Task prompt
Leaving out pictures, output exactly the lines below from the one that has "Coral clearance bardot" through the one that has "это, наверное, успех!", and nothing else.

Record set

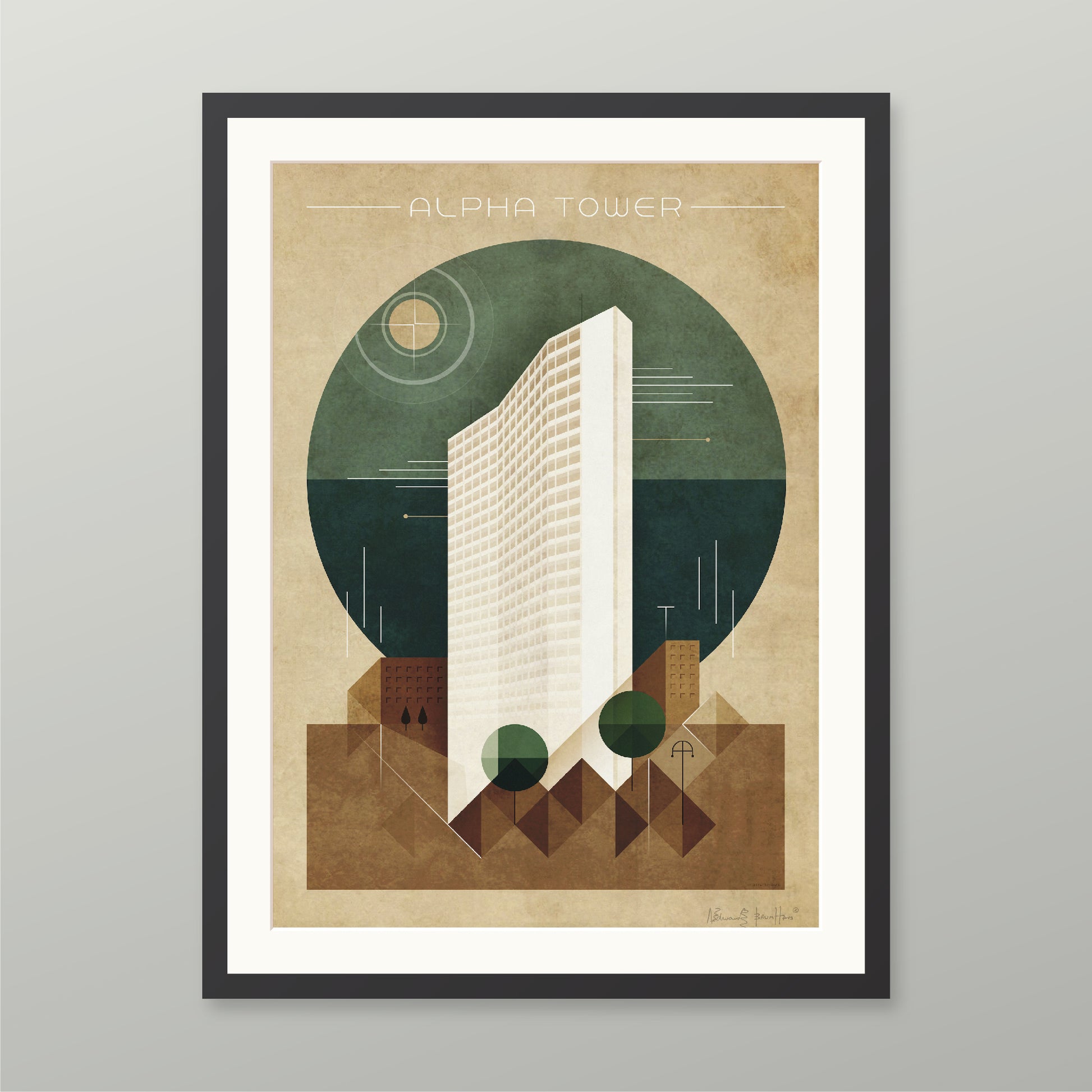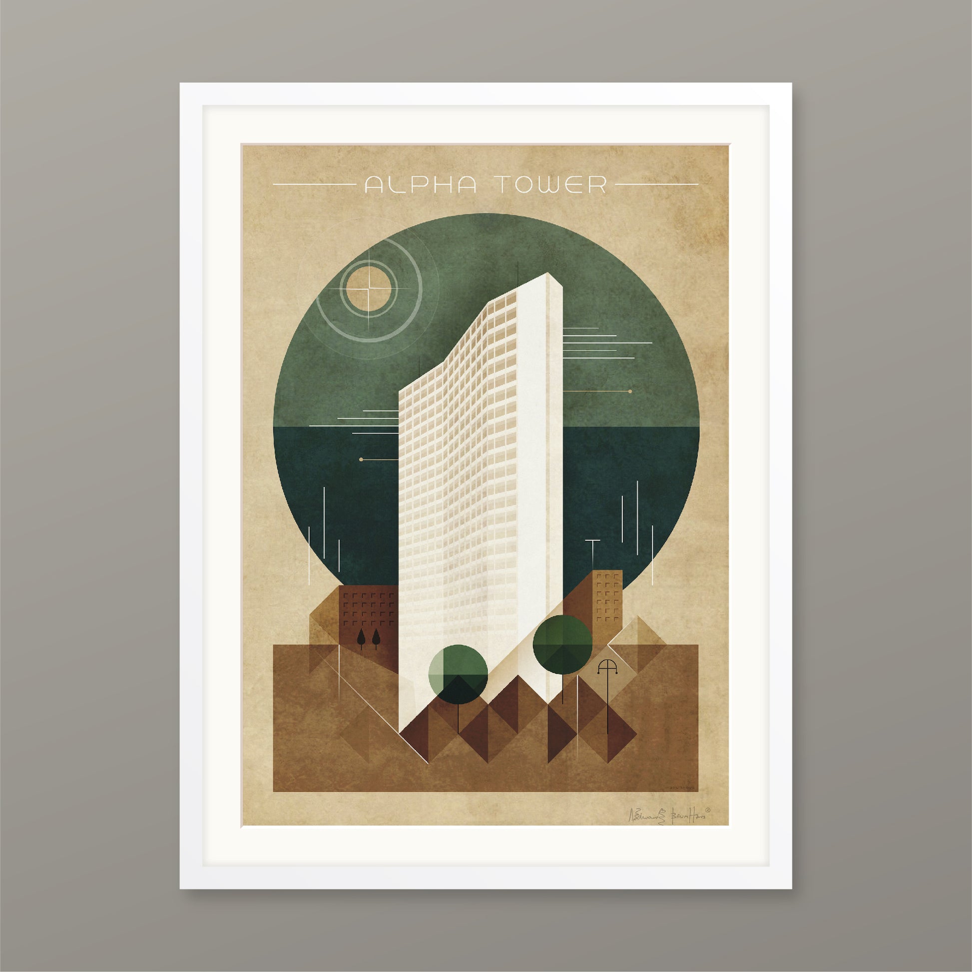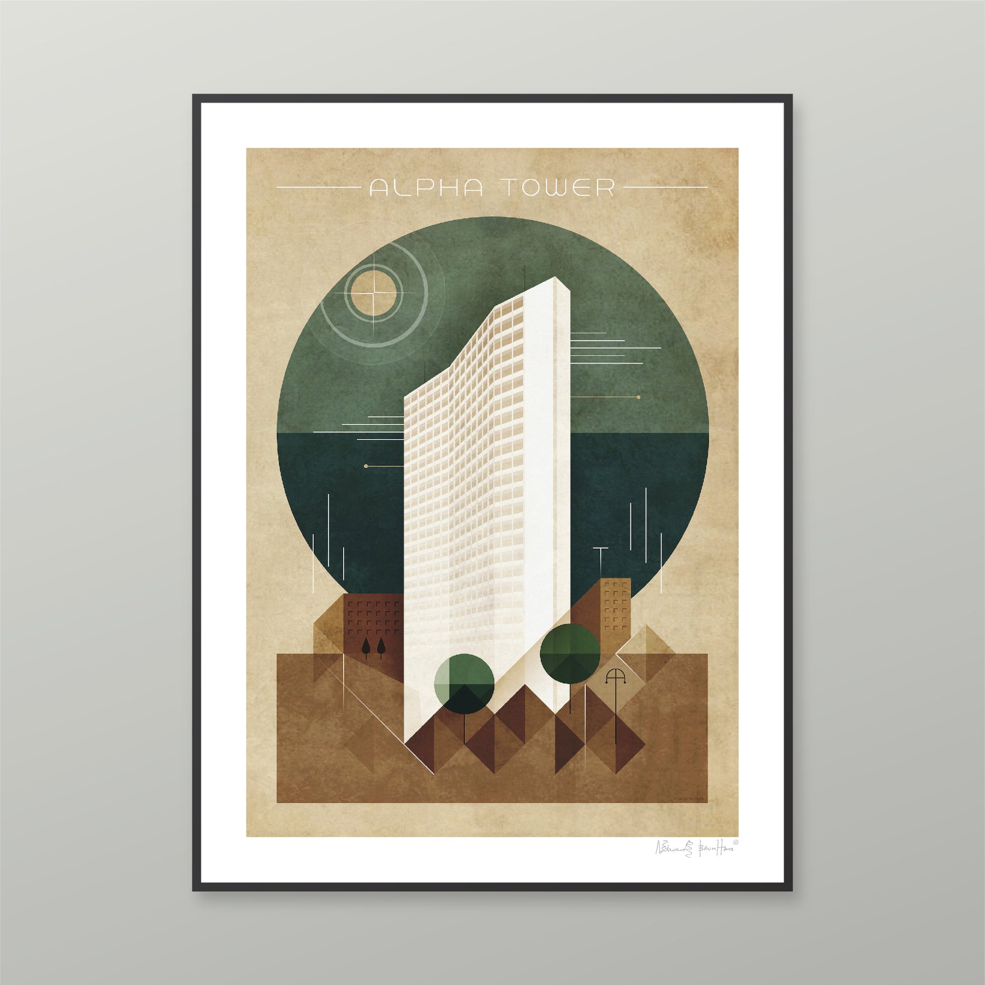 Alpha Tower, a key feature of Birmingham’s skyline and a Modernist skyscraper building. It was designed by the Birmingham-born architect George Marsh of Richard Seifert & Partners. It was completed in 1974 and served as the headquarters of the commercial television company ATV (Associated Television).
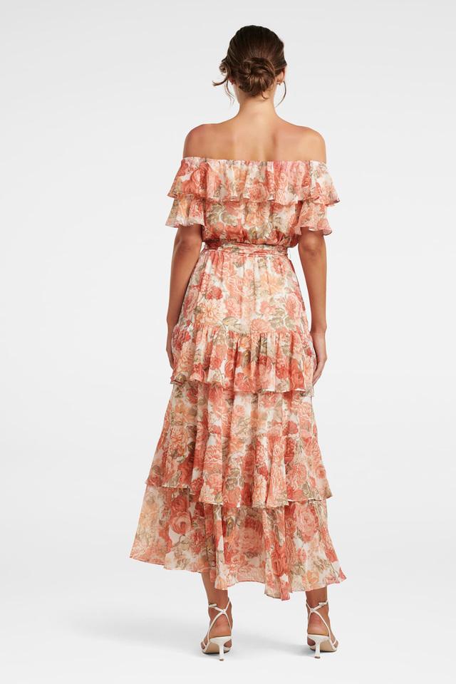 Coral clearance bardot dress, CORAL SATIN BARDOT BOW MAXI DRESS clearance
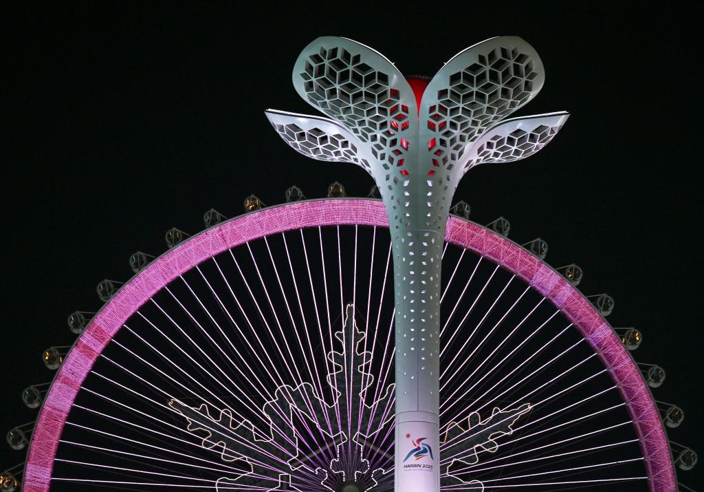 當(dāng)喧囂的賽場(chǎng)漸漸沉寂,當(dāng)忙碌的身影停下腳步,開幕式上的巨型冰燈返場(chǎng),鏡頭來(lái)到分會(huì)場(chǎng)。夜空之下,冰雪大世界里,雪花摩天輪前,亞冬圣火緩緩熄滅,絢麗燈光灼灼其華。
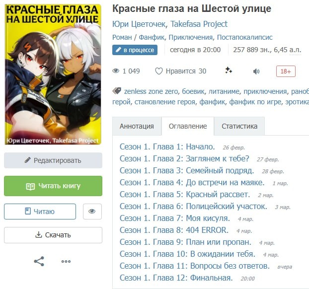 ": https://author.today/work/556895 👀 За 10 дней мы написали 12 глав, на 250к знаков! Каждая глава приправлена иллюстрацией и пропитана атмосферой игры Zenless Zone Zero! 🔥 За это время на АТ мы собрали 1000+ просмотров, 30 лайков, 70 добавлений в библиотеку (ну и ещё немного на Ранобэлиб). Для проекта который создавался на чистом приколе и энтузиазме - это, наверное, успех!
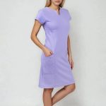 Zdravotnické šaty Linda fialové s mírně projmutým princesovvým střihem, který lichotivě kopíruje postavu. Výstřih je kulatý s decentním véčkovým rozparkem uprostřed. Krátké rukávy klasického střihu. 2 praktické a prostorné boční kapsy. Délka šatů je ke kolenům. Oblékání přes hlavu. Příjemný bavlněný materiál je strukturovaná pletenina s jemnou plastickou vazbou, velmi prodyšná a příjemná na dotek. Materiál: 100% bavlna pique. Praní: na 40°C.
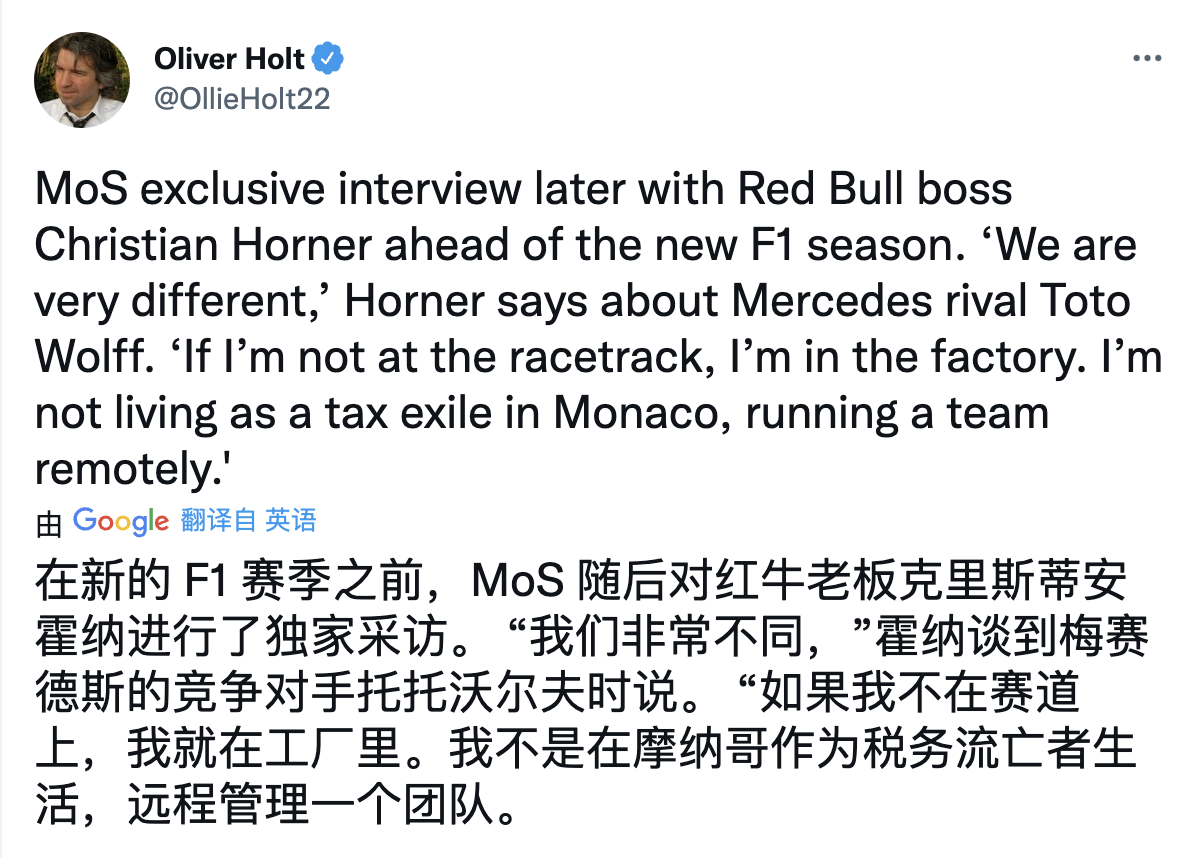 周日邮报采访霍纳时,红牛领队表示自己跟竞争对手沃尔夫完全不同。自己平时不是在赛道上就是在工厂里,而沃尔夫则在摩纳哥过着偷税漏税的生活,远程指挥车队。
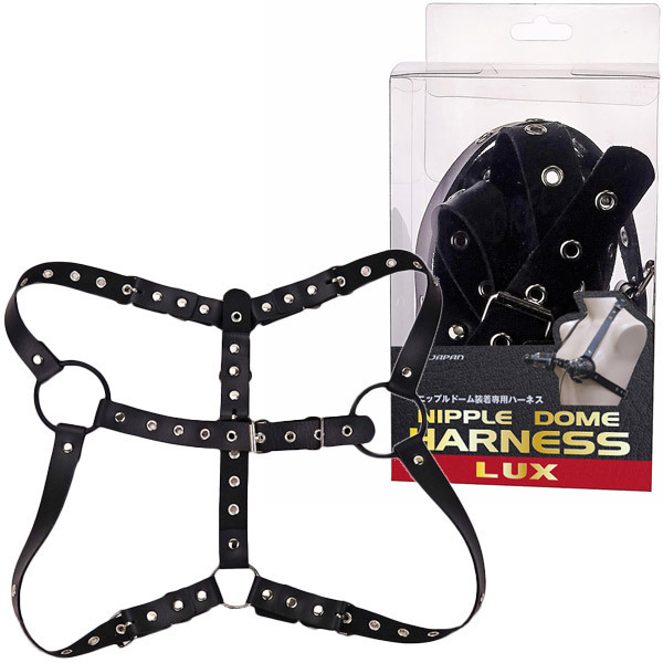 回転刺激を楽しめる乳首責めグッズ「ニップルドームR(b29020)」を乳房で密着固定しハンズフリーで楽しむことのできる専用ハーネス「ラックス」。柔らかな合皮素材の黒ハーネスがニップルドームを胸にしっかり固定!サイズ調整できるピンバックル式で、男女、体型問わず幅広いプレイを可能にします。
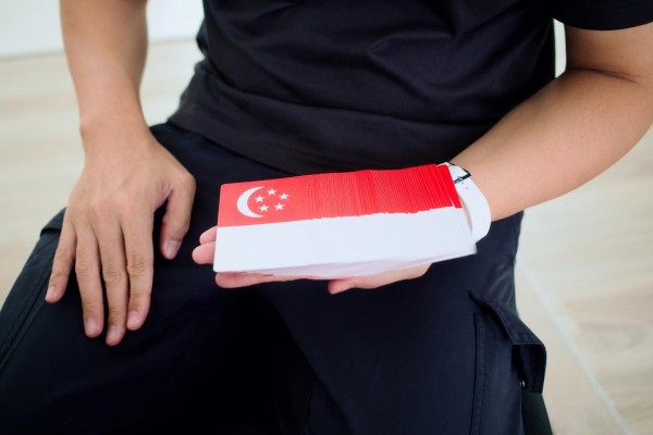 The Virts invite you to celebrate Singapore's 60th independence with The Virtuoso P1 Singapore Playing Cards. Painted in the red and white of the Singapore flag, the Virtuoso P1 SG’s design begins with a bold crimson circle at its center - A tribute to our nation’s nickname, the “Little Red Dot”. Surrounding it is our three-dimensional PRISM back, now extended to the very edge. It's back design connects with the elements on the front side - symbolizing how the people of Singapore comes together. And the best part - the red parts on the front creates the special feature of which how the deck came to be: every deck comes with Singapore protrait flag - place that card on the top of the faces, spread the deck, and you can form the Singapore flag!

Output below
 Coral clearance bardot dress, CORAL SATIN BARDOT BOW MAXI DRESS clearance
 當(dāng)喧囂的賽場(chǎng)漸漸沉寂,當(dāng)忙碌的身影停下腳步,開幕式上的巨型冰燈返場(chǎng),鏡頭來(lái)到分會(huì)場(chǎng)。夜空之下,冰雪大世界里,雪花摩天輪前,亞冬圣火緩緩熄滅,絢麗燈光灼灼其華。
 ": https://author.today/work/556895 👀 За 10 дней мы написали 12 глав, на 250к знаков! Каждая глава приправлена иллюстрацией и пропитана атмосферой игры Zenless Zone Zero! 🔥 За это время на АТ мы собрали 1000+ просмотров, 30 лайков, 70 добавлений в библиотеку (ну и ещё немного на Ранобэлиб). Для проекта который создавался на чистом приколе и энтузиазме - это, наверное, успех!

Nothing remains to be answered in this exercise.